Yin Shande, Chuai Yunhai, Wang Aiming, Zhang Lanmei
Department of Obstetrics and Gynaecology, Navy General Hospital, Beijing, China.
Department of Obstetrics and Gynaecology, Navy General Hospital, Beijing, China
J Int Med Res. 2015 Jun;43(3):311-5. doi: 10.1177/0300060515574922. Epub 2015 Apr 13.
To assess the conclusiveness of Cochrane reviews in the field of gynaecological cancer.
The Cochrane Library was searched for reviews regarding gynaecological cancer published between 1 January 2000 and 1 November 2014. Data were extracted from each paper and the conclusiveness of each review was assessed.

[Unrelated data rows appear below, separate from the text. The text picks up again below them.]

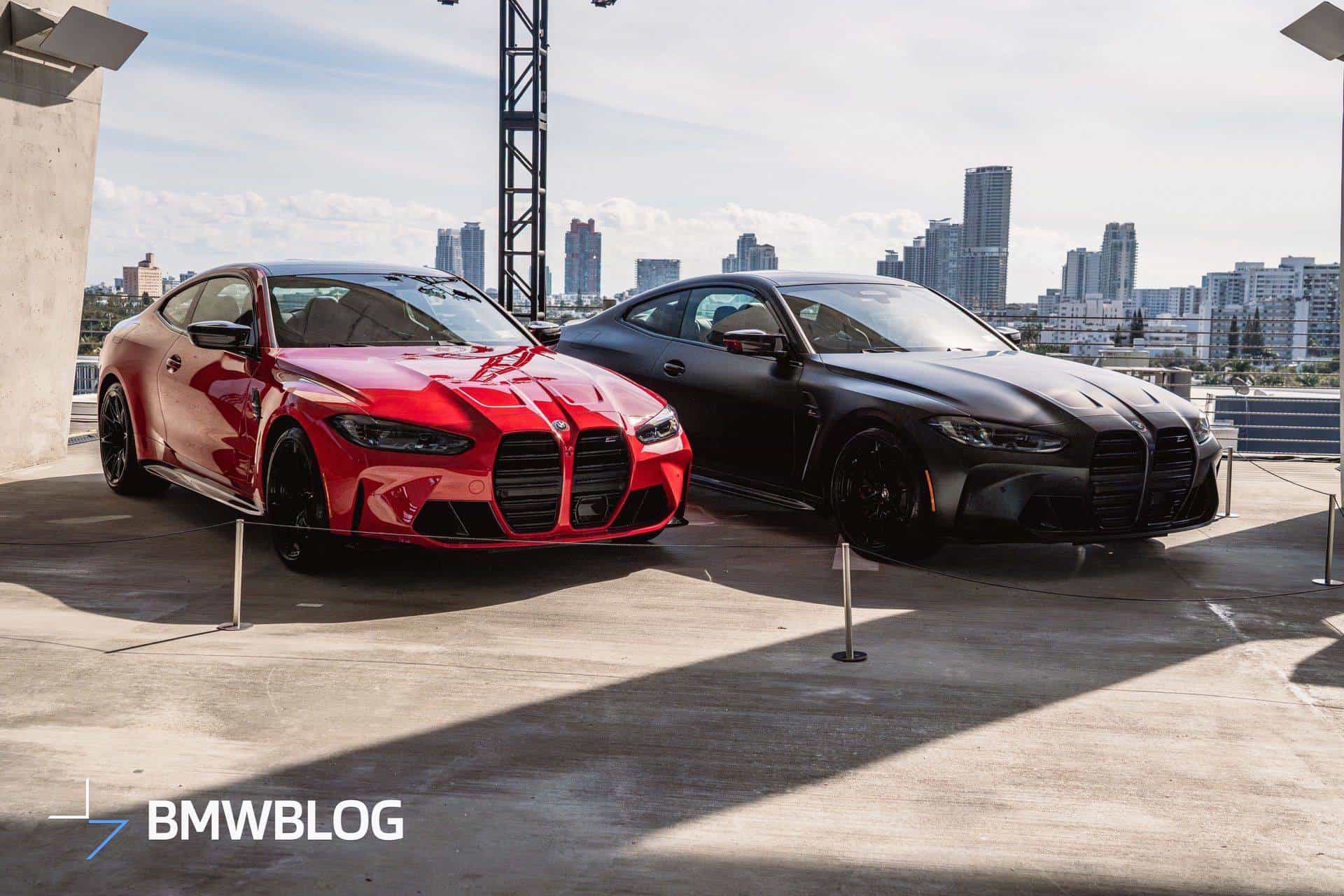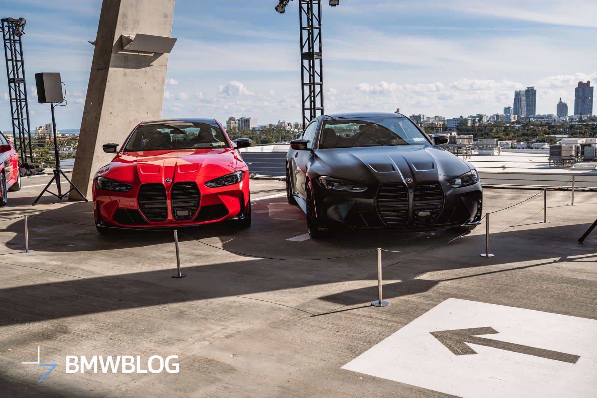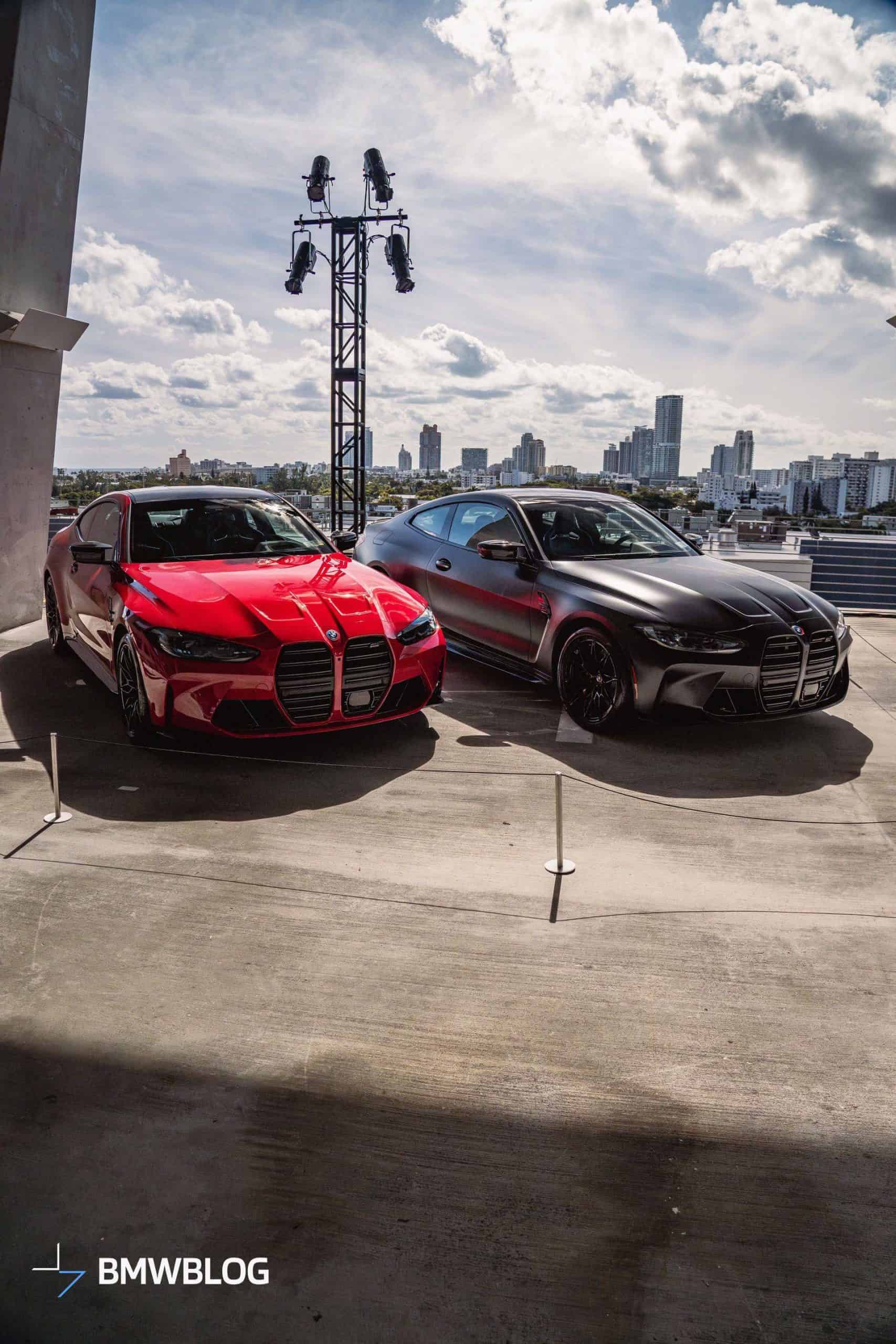 The Design Study in motion. This is one of the 150 G82 M4 Competition x Kith cars, sitting right next to the genesis of the project, Fieg’s Cinnabar Red M4. The Frozen Black paint was one of three choices – Frozen Dark Silver and Frozen Brilliant White were the other two – and hides a twin-turbo inline-six under the hood producing 510 horsepower. Atop the carbon fiber roof panel is a large Kith motorsport-inspired graphic.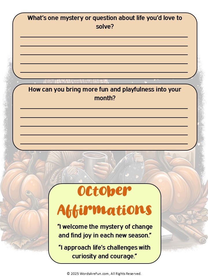 October Journal Prompts Printable | Fall Writing PDF with Calendar & Affirmations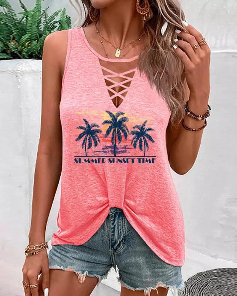 Coconut Tree Letter Print Cutout Tank Top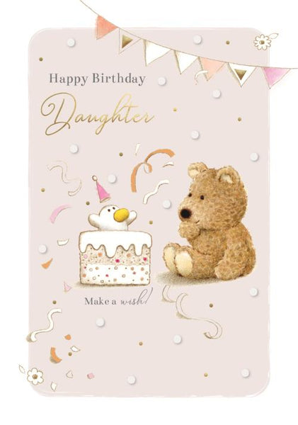 Send loving birthday wishes to your daughter with this very cute birthday card for daughter. This daughter birthday card features a cute bear design. This daughter birthday card is printed on high quality board with a gold foil finish. This greeting card has a full colour insert and is designed and printed in the UK. This daughter birthday card is made from environmentally responsible resources.
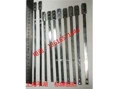 供应钢材挂钩,采用优质低碳钢丝,手感圆滑不刮手.适用与钢铁行业.基本满足国内螺纹钢,高线,等生产线的生产条件,实现下线即能悬挂,保证产品信息的准确,挂好牌以后不容易脱落,保证了标牌在产品出厂之后的美观及信息的完整,选择宁波镭克公司的钢材挂钩,满足苛刻的要求,保证最优惠的价格!欢迎定货.质量保证。钢筋标牌吊钩,宝钢吊牌钩,铁皮扣,捆扎锁,吊牌锁扣的用途:螺纹钢筋出厂前,为避免弄错规格型号及材质等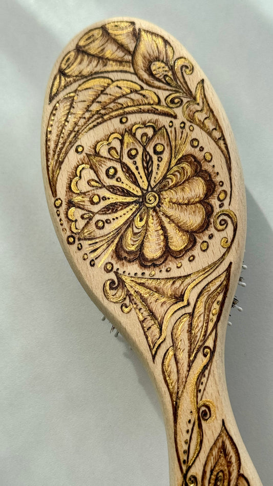 Handbemalte Holzbürste mit Pferdemotiv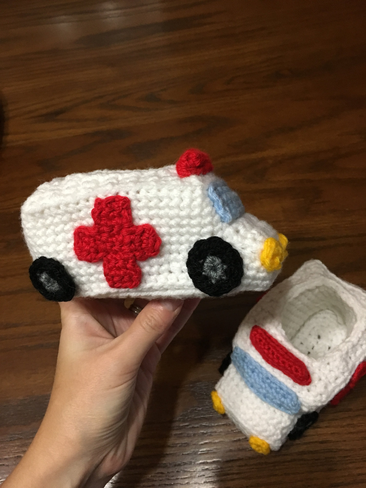 I did make a newborn hat as soon as we found out we are expecting but I haven't taken a picture yet. Before that I made Ambulance slippers! I had a friend ask if I could make some for her son after I posted a picture of another pair of slippers I had made. I couldn't find a pattern so after a couple months of experimenting and a lot of frustration I finally came up with something! It's probably one of the projects I'm most proud of so far!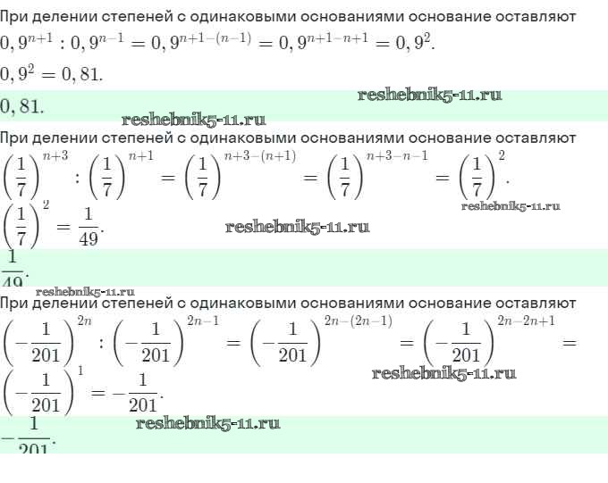 Готовая домашняя работа с ответами по Алгебре за 7 класс Миндюк, Шлыкова Рабочая тетрадь УМК Часть 1, 2 Просвещение 2017 ФГОС - §17. Умножение и деление степеней 11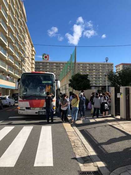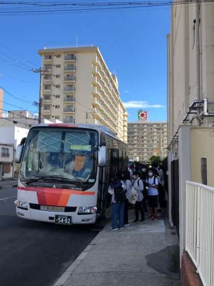 平野北中学校を出発しました。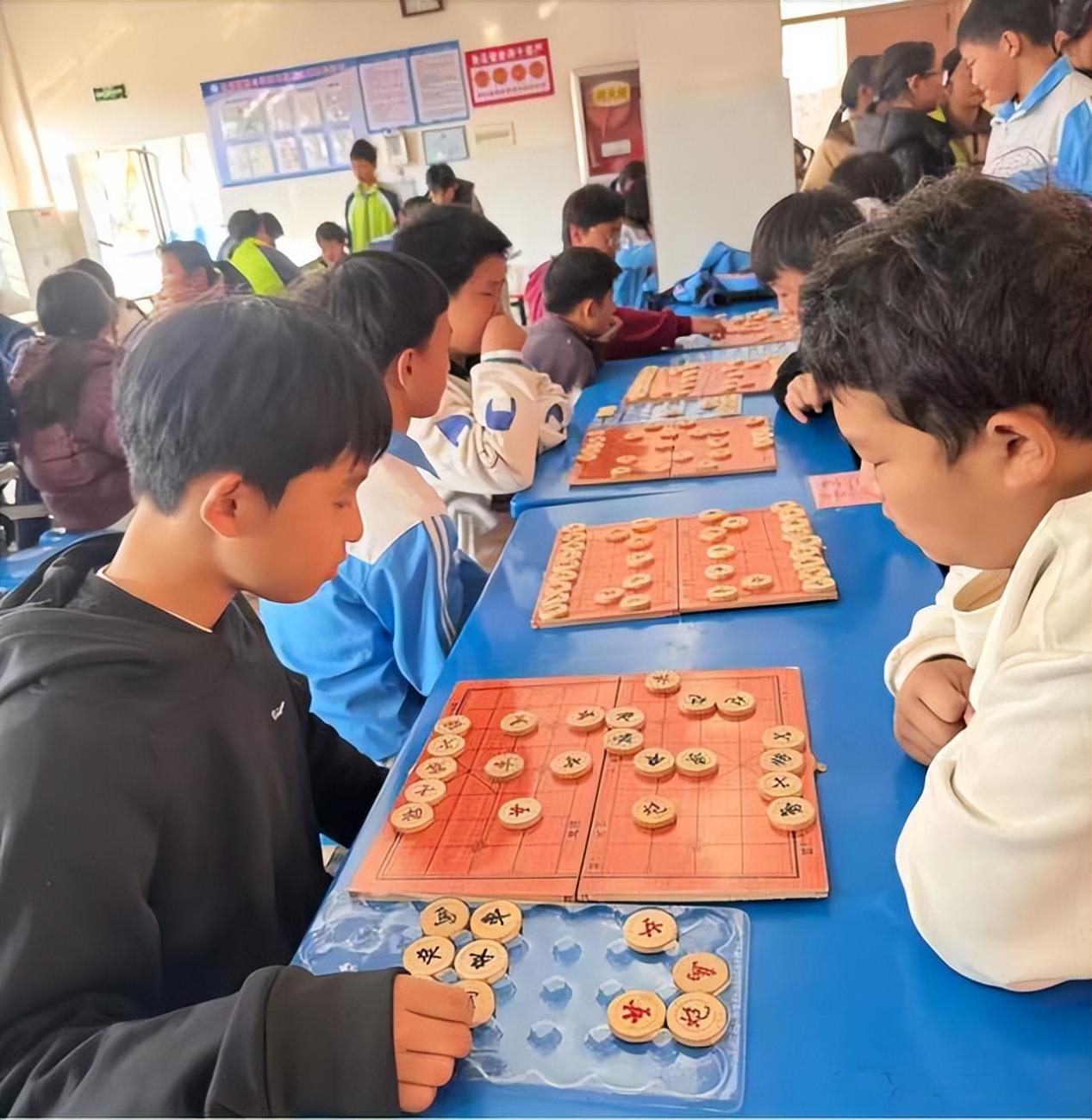 比赛开始了!整个操场瞬间成为沸腾的海洋。短跑赛道上,选手如离弦之箭冲出起点,观众席呐喊声浪一波高过一波;跳高赛场,运动员腾空起跳的身姿划出一道道优美弧线;拔河赛场,师生紧握麻绳、奋力拉拽,每一寸拉扯都凝聚着集体力量。无论是挥汗如雨的队员,还是在一旁呐喊助威的同伴,所有人的心跳同频共振;投篮比场区,参赛选手全神贯注,屈膝跃起,篮球划出一道道抛物线飞向篮筐;趣味项目区,“摸石头过河”“接力传物”等游戏轮番上演,选手们机智灵活、配合默契,展现了团结协作的精神。体测区同样热闹非凡。仰卧起坐比赛中,学生们躺在垫上,双手抱头,一次次挺身而起,用毅力完成每一项测试;赛场之外,室内象棋比赛同时展开角逐,棋手们端坐棋盘前,凝神思索,落子淡定,尽显沉稳与智慧,让运动会在激情澎湃之余,也流淌着理性与文化的气息。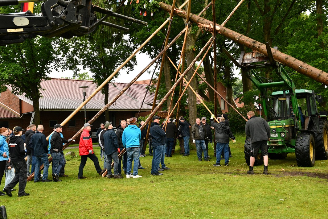 Zum altgepflegten Brauchtum gehört an Pfingsten das Aufstellen einer mit frischem Grün, Girlanden und Blumen geschmückten Tanne, einem Maibaum.

The study included 66 reviews, 41 (62.1%) of which were conclusive. Of these, 58 included randomized controlled trials (RCTs), 37 (63.8%) of which were conclusive. Conclusive reviews of RCTs included significantly more patients than inconclusive reviews, but there was no difference in the number of included studies. Of the eight reviews of nonrandomized studies, four (50.0%) were conclusive. The majority of reviews recognized the need for additional studies.
In the field of gynaecological cancer, reviews are more likely to be conclusive when they include RCTs, as well as large numbers of patients.
评估Cochrane系统评价在妇科癌症领域的结论性。
检索Cochrane图书馆,查找2000年1月1日至2014年11月1日期间发表的关于妇科癌症的系统评价。从每篇论文中提取数据,并评估每个系统评价的结论性。
该研究纳入了66篇系统评价,其中41篇(62.1%)具有结论性。其中,58篇纳入了随机对照试验(RCT),37篇(63.8%)具有结论性。RCT的结论性系统评价纳入的患者明显多于非结论性系统评价,但纳入研究的数量没有差异。在八项非随机研究的系统评价中,四项(50.0%)具有结论性。大多数系统评价认识到需要更多的研究。
在妇科癌症领域,当系统评价纳入RCT以及大量患者时,更有可能具有结论性。